--- Records to use ---
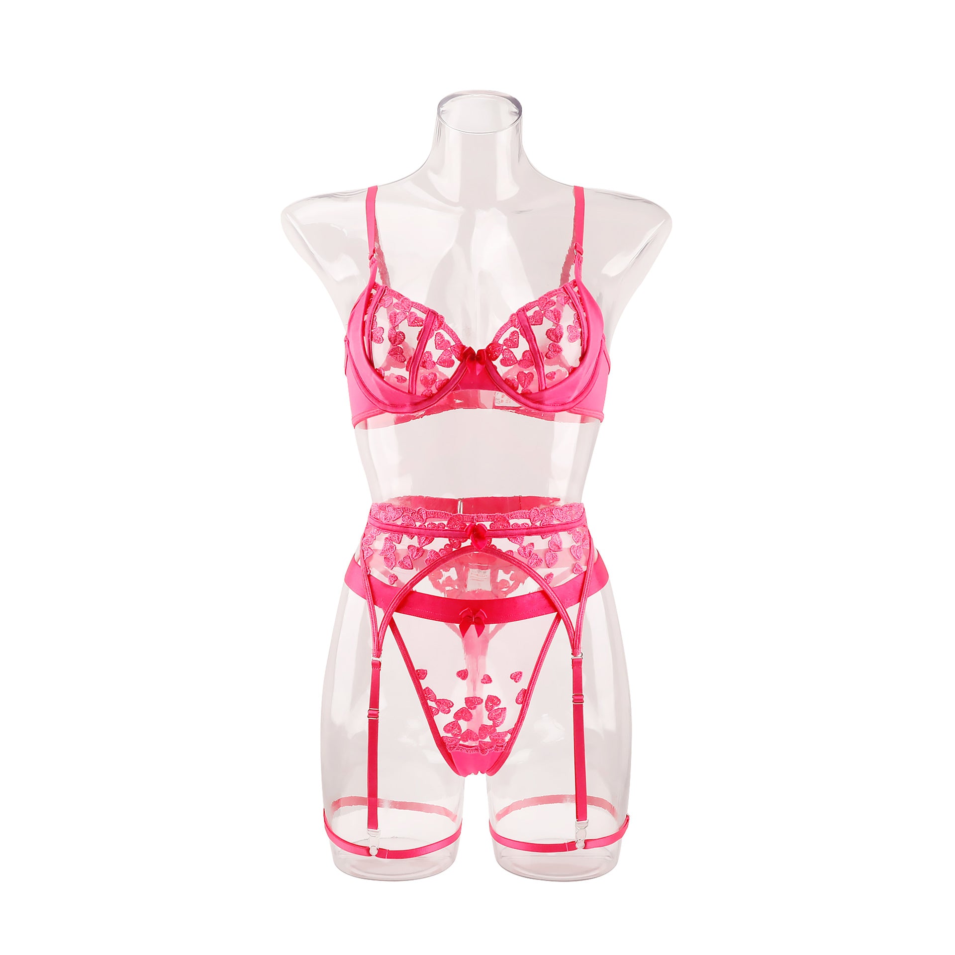 Underwear ultra-thin embroidery love mesh bra big chest small sexy lingerie set
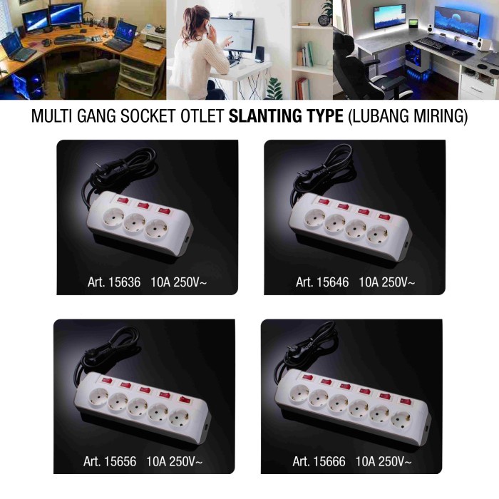 BROCO 15666 Stop Kontak Arde 6 Lubang Slanting + Kabel 1.5Meter + Saklar Individual
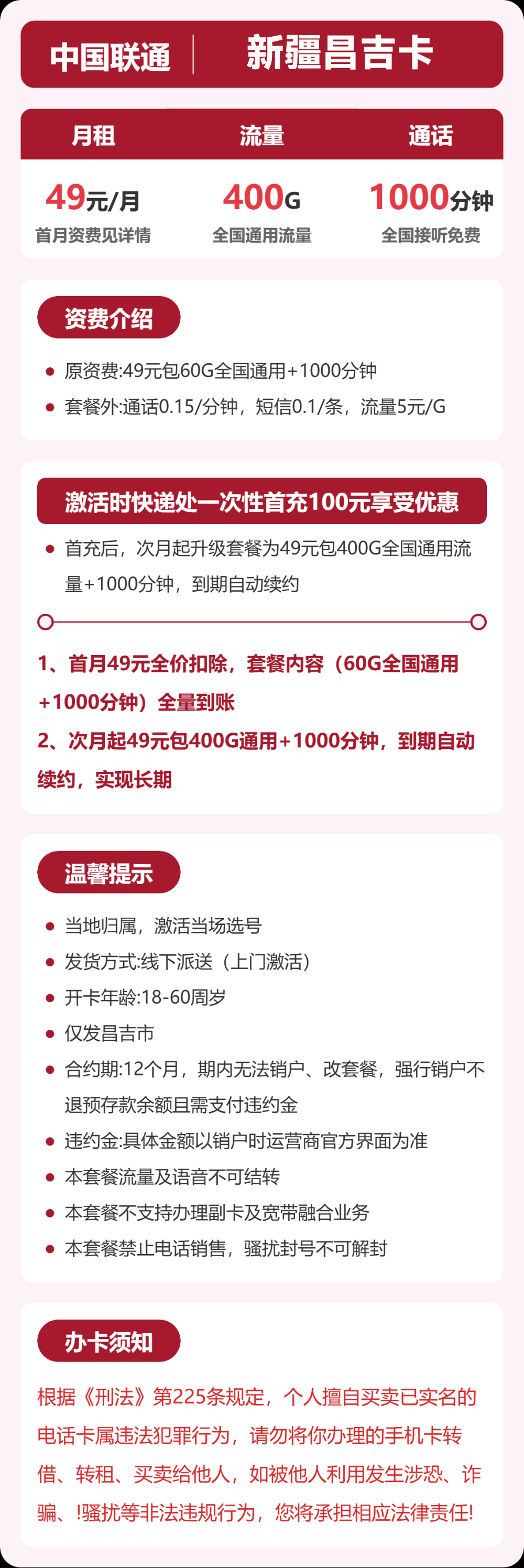联通昌吉卡49元月享400G+1000分钟【仅发新疆昌吉】
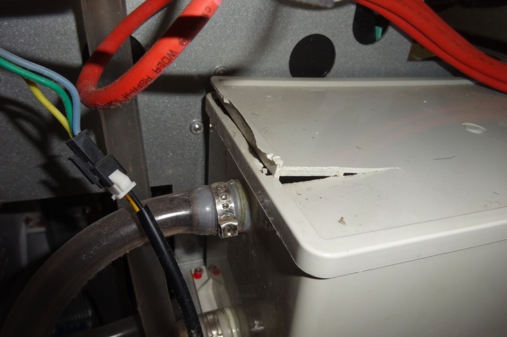 早速内部を確認しましたら、1台がお聞きしていた故障内容とは全く異なる冷却水タンクに破損がありました。原因が特定できませんがタンク内部から押されたように割れています。
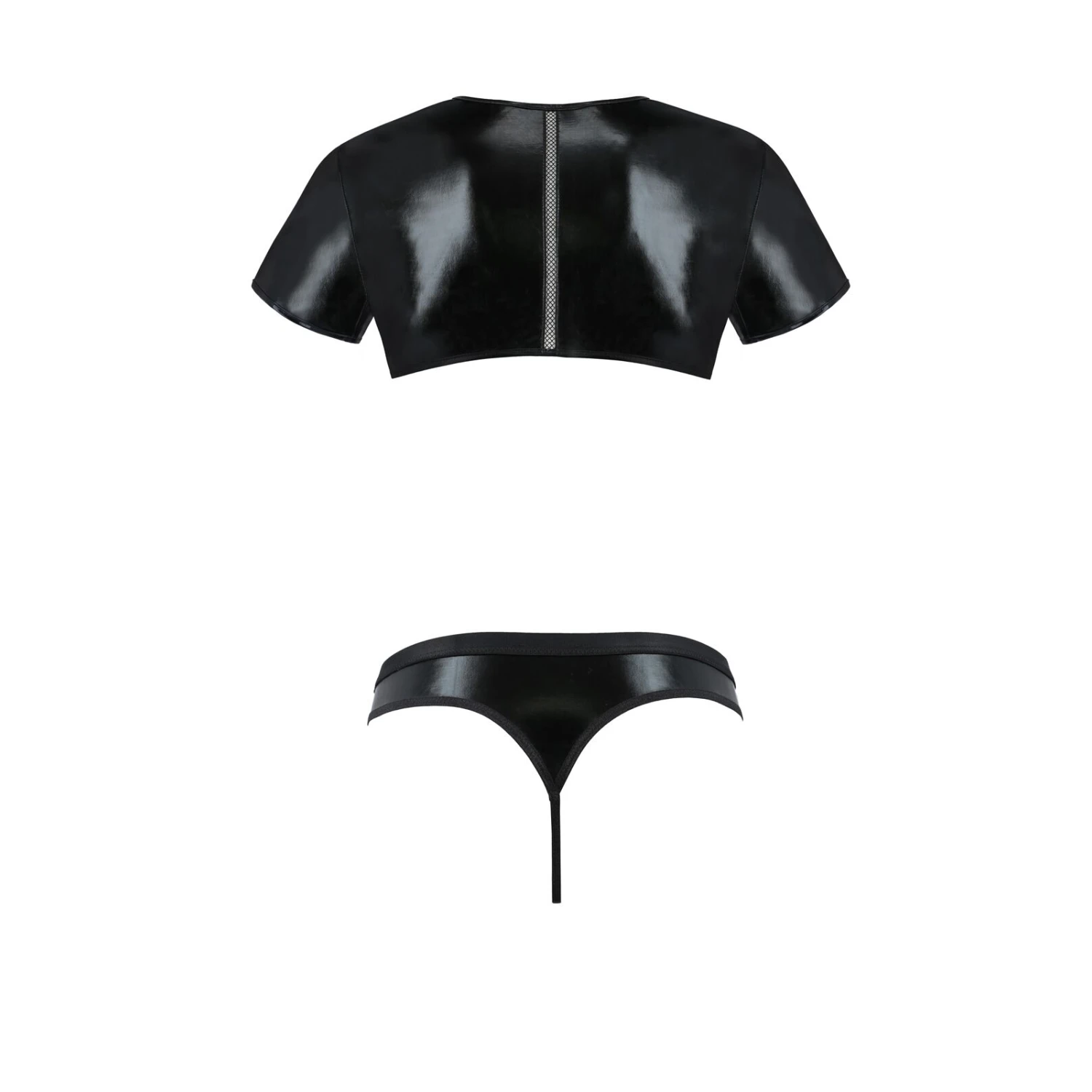 Комплект мужского белья под латекс Passion Set Peter изготовлен из мягкого легкого материала с «мокрым» эффектом. Это кроп-топ, прикрывающий соски, и классические стринги. В топе спереди и сзади есть вставки из симпатичной мягкой сетки, стринги спереди украшены сеточкой, которая немного приоткрывает тайну их содержимого.

--- What the task requires ---
Restate word for word only the lines that run from the line holding "联通昌吉卡49元月享400G+1000分钟【仅发新疆昌吉】" to the end of the data, both ends kept, leaving every picture out.

--- Written answer ---
联通昌吉卡49元月享400G+1000分钟【仅发新疆昌吉】
 早速内部を確認しましたら、1台がお聞きしていた故障内容とは全く異なる冷却水タンクに破損がありました。原因が特定できませんがタンク内部から押されたように割れています。
 Комплект мужского белья под латекс Passion Set Peter изготовлен из мягкого легкого материала с «мокрым» эффектом. Это кроп-топ, прикрывающий соски, и классические стринги. В топе спереди и сзади есть вставки из симпатичной мягкой сетки, стринги спереди украшены сеточкой, которая немного приоткрывает тайну их содержимого.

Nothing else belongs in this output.